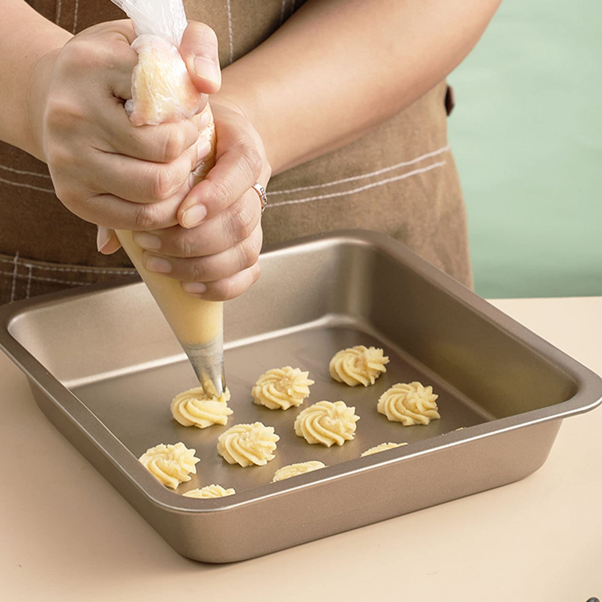 - Q: How do I ensure a good grip when using these piping bags? A: The bags feature a textured surface that provides a non-slip grip, allowing for better control when squeezing out the icing or frosting.
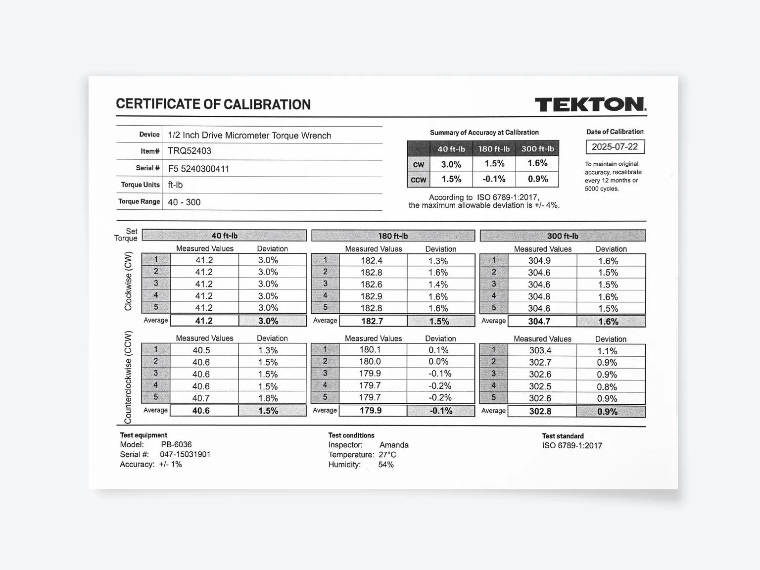 - Certified to the ISO standard for the full listed range (40 - 300 ft-lb), unlike torque wrenches calibrated to ASME standards, which do not require calibration below 20% of the listed range
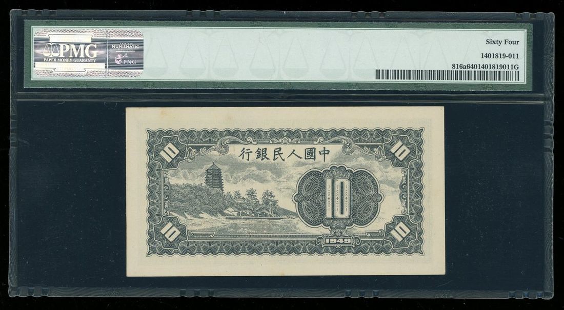 1949年中國人民銀行第一版人民幣10元,編號 I II III,54227149,PMG 64

+ + +

▸ **Exercise goal**
Begin with the line that contains "- Certified to" and copy every line through the end of the listing, exactly as written, both ends included. Pictures are not part of the copy.

▸ **Exercise solution**
 - Certified to the ISO standard for the full listed range (40 - 300 ft-lb), unlike torque wrenches calibrated to ASME standards, which do not require calibration below 20% of the listed range
 1949年中國人民銀行第一版人民幣10元,編號 I II III,54227149,PMG 64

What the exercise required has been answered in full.